> [HOW TO COMPLETE THIS TASK] Nothing but the lines from the one containing "secret to living" through the one containing "Ah yes, stats", both included, should be given again, each exactly as written below.

> [SUPPLIED DATA]

——————————

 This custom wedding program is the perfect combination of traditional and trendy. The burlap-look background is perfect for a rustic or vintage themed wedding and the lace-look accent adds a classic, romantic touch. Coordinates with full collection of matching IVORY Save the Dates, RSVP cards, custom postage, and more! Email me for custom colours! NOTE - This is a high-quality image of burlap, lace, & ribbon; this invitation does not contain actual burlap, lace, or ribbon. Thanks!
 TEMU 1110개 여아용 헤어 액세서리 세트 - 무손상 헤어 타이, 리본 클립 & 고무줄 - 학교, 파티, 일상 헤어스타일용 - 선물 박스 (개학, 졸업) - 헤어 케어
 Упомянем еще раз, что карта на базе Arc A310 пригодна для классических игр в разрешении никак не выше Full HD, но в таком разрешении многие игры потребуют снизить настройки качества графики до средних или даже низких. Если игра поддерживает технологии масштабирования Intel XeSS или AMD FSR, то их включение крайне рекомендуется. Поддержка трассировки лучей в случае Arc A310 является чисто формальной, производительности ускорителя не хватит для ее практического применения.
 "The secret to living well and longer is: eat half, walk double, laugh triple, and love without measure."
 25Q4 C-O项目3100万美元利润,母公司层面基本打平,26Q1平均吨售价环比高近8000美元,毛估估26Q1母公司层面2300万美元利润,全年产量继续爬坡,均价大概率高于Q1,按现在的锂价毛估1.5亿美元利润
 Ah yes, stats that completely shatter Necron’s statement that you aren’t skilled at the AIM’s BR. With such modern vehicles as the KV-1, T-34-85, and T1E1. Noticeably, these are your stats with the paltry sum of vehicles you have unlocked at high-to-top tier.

——————————

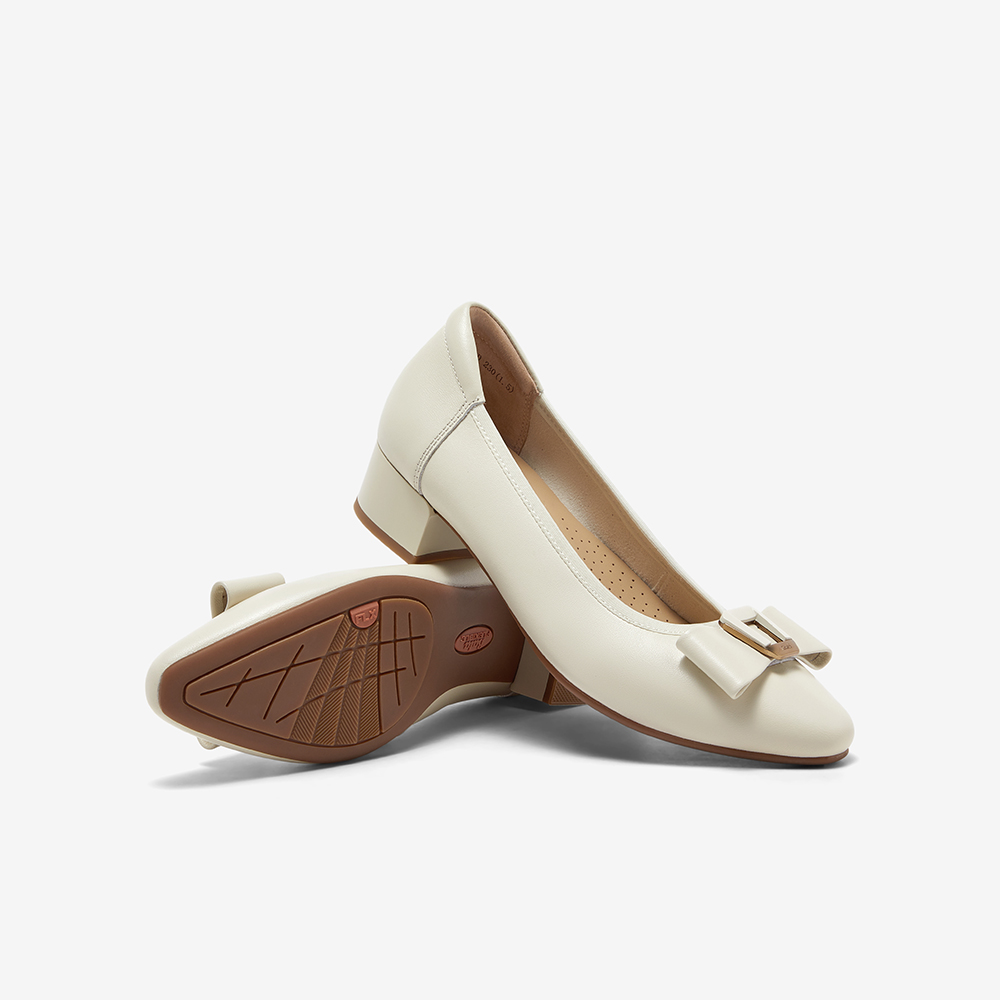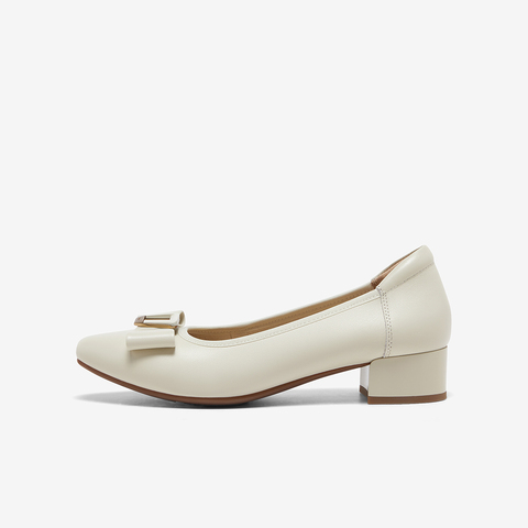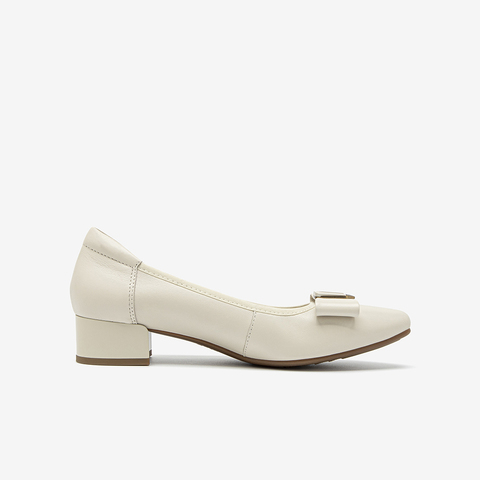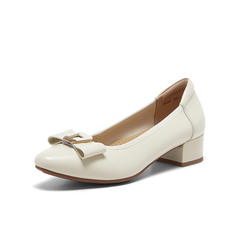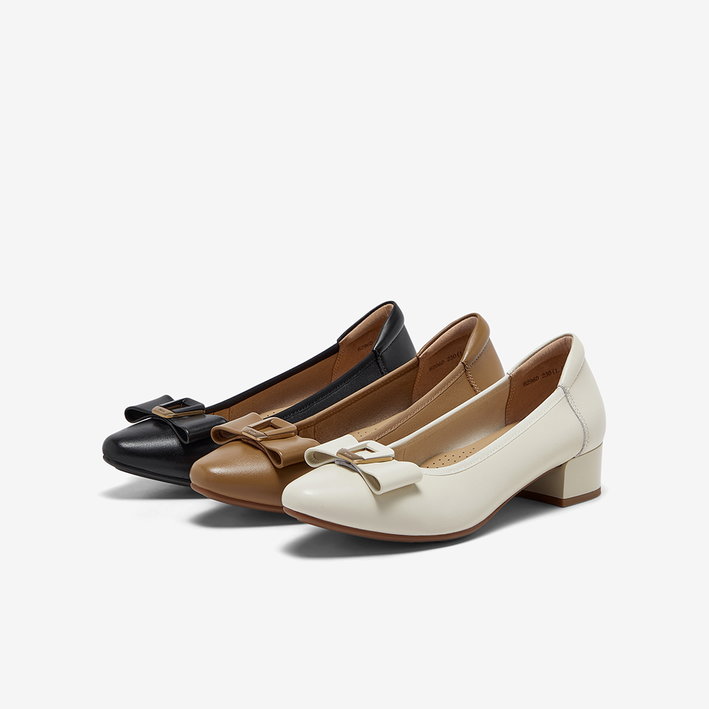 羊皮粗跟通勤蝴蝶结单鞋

——————————

> [ANSWER FOR THIS EXERCISE]
 "The secret to living well and longer is: eat half, walk double, laugh triple, and love without measure."
 25Q4 C-O项目3100万美元利润,母公司层面基本打平,26Q1平均吨售价环比高近8000美元,毛估估26Q1母公司层面2300万美元利润,全年产量继续爬坡,均价大概率高于Q1,按现在的锂价毛估1.5亿美元利润
 Ah yes, stats that completely shatter Necron’s statement that you aren’t skilled at the AIM’s BR. With such modern vehicles as the KV-1, T-34-85, and T1E1. Noticeably, these are your stats with the paltry sum of vehicles you have unlocked at high-to-top tier.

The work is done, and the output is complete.